BEGIN Listed records

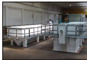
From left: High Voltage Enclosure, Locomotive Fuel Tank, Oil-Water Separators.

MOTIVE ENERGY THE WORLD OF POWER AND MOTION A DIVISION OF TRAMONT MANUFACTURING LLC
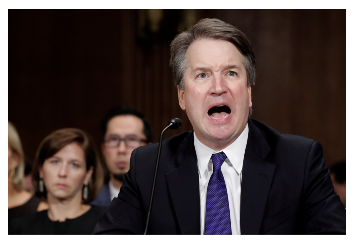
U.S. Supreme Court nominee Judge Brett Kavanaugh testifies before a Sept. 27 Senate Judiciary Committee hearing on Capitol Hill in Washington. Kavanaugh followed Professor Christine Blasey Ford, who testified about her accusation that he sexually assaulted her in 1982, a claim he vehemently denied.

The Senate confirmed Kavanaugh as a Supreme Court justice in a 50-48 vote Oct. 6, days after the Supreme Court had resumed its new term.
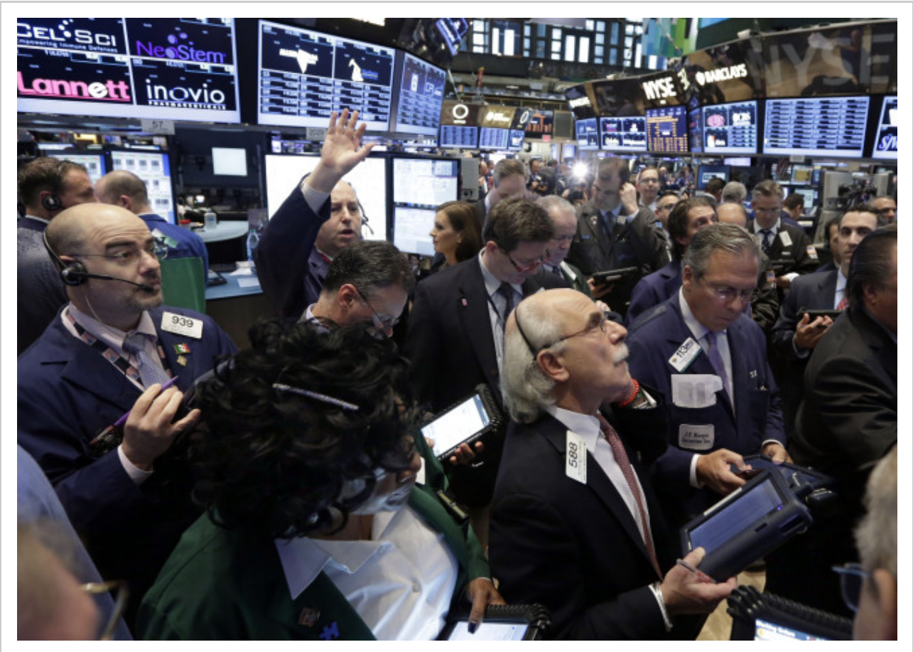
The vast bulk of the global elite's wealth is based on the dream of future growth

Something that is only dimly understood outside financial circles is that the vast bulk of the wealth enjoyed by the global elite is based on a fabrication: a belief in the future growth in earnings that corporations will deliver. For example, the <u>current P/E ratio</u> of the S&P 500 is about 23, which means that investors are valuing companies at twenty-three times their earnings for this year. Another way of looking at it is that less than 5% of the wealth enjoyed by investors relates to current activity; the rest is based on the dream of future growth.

END Listed records

- [Try it] List every line above that holds the word "based".

- [Exercise output]
The vast bulk of the global elite's wealth is based on the dream of future growth
Something that is only dimly understood outside financial circles is that the vast bulk of the wealth enjoyed by the global elite is based on a fabrication: a belief in the future growth in earnings that corporations will deliver. For example, the <u>current P/E ratio</u> of the S&P 500 is about 23, which means that investors are valuing companies at twenty-three times their earnings for this year. Another way of looking at it is that less than 5% of the wealth enjoyed by investors relates to current activity; the rest is based on the dream of future growth.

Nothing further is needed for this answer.